2.  **Process Isolation (Spawn)**: For *each* evaluation request, the server spawns a dedicated `multiprocessing.Process` (using `spawn` context). this ensures that:
    -   Host compilation (CPU-bound) runs in parallel across processes.
    -   Environment state (env vars, backend imports) is isolated per-operator.
    -   Process crashes (segfaults) do not bring down the main server.
3.  **Device Serialization**: NPU execution is strictly serialized per-device using a shared global `DeviceQueue`. Even if 100 requests arrive at once, only `N` kernels (where `N=num_devices`) will execute on the hardware simultaneously, preventing race conditions or resource exhaustion.

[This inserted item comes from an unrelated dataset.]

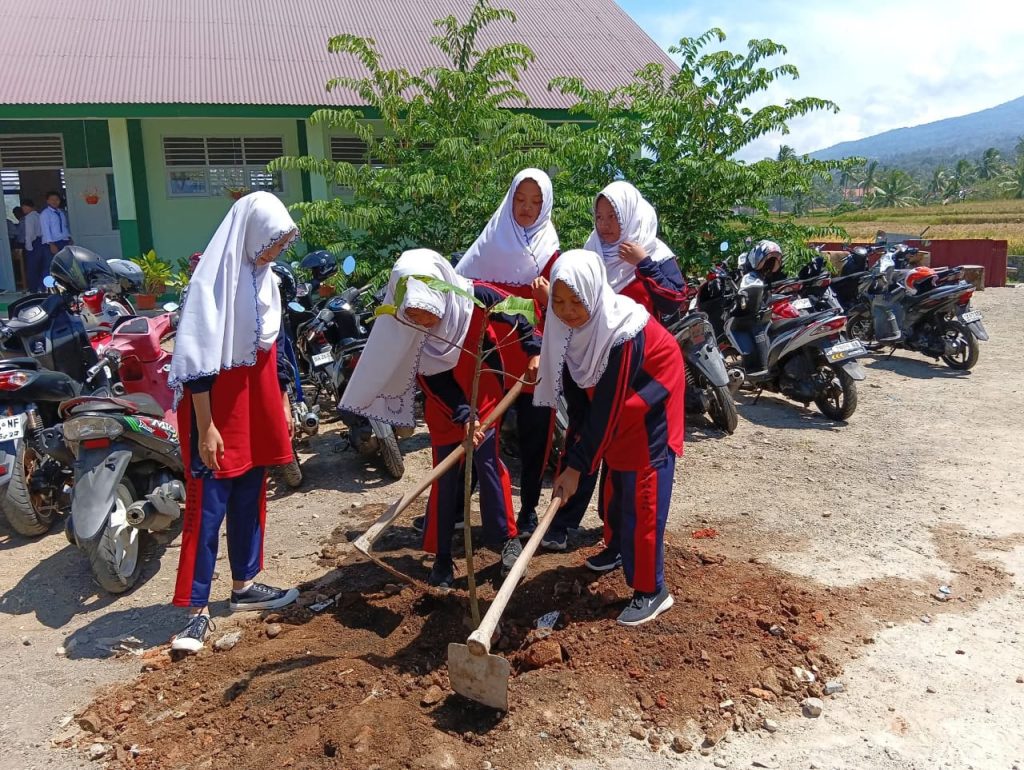 Wujudkan Ekoteologi, Siswa Baru MTsN 12 Tanah Datar Tanam Pohon Ketapang
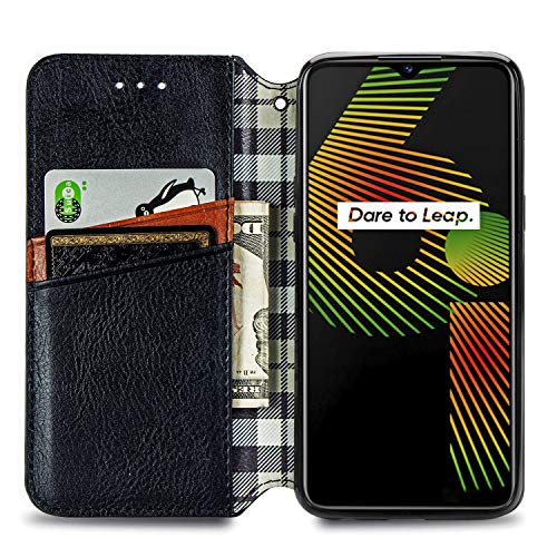 JIUNINE Cover OPPO Realme 5 / 5i, Custodia Cover a Libro in Pelle Portafoglio Flip Caso Antiurto con Motivo a Losanga 3D [Porta Carte] [Adsorbimento Magnetico] per OPPO Realme C3 / 6i, Nero

This means you can aggressive set `--build-workers` on the client (e.g., 32 or 64) to maximize CPU compilation throughput, while the server automatically throttles execution to match the available NPUs.


## License
This project is licensed under the Apache-2.0 License.

## On TXT translation
For an Ascend TXT response, ascend_compile_pipeline.ascend_compile() pulls specific fields from the generated context and writes them into the per-op workspace. Under the operator root (e.g. op_eval_output/default/ascendc/run0/operators/\<OpCapitalTimestamp\>/\<OpCapital\>/…), the mapping is:

- project_json_src → \<workspace_root\>/\<op\>.json (used by msopgen gen …)
- host_tiling_src → \<op_root\>/op_host/\<op\>_tiling.h
- host_operator_src → \<op_root\>/op_host/\<op\>.cpp
- kernel_src → \<op_root\>/op_kernel/\<op\>.cpp
- python_bind_src → \<workspace_root\>/CppExtension/csrc/op.cpp

Everything else in that directory tree (CMake files, build_out, template headers, etc.) comes from the template/msopgen, not from the TXT.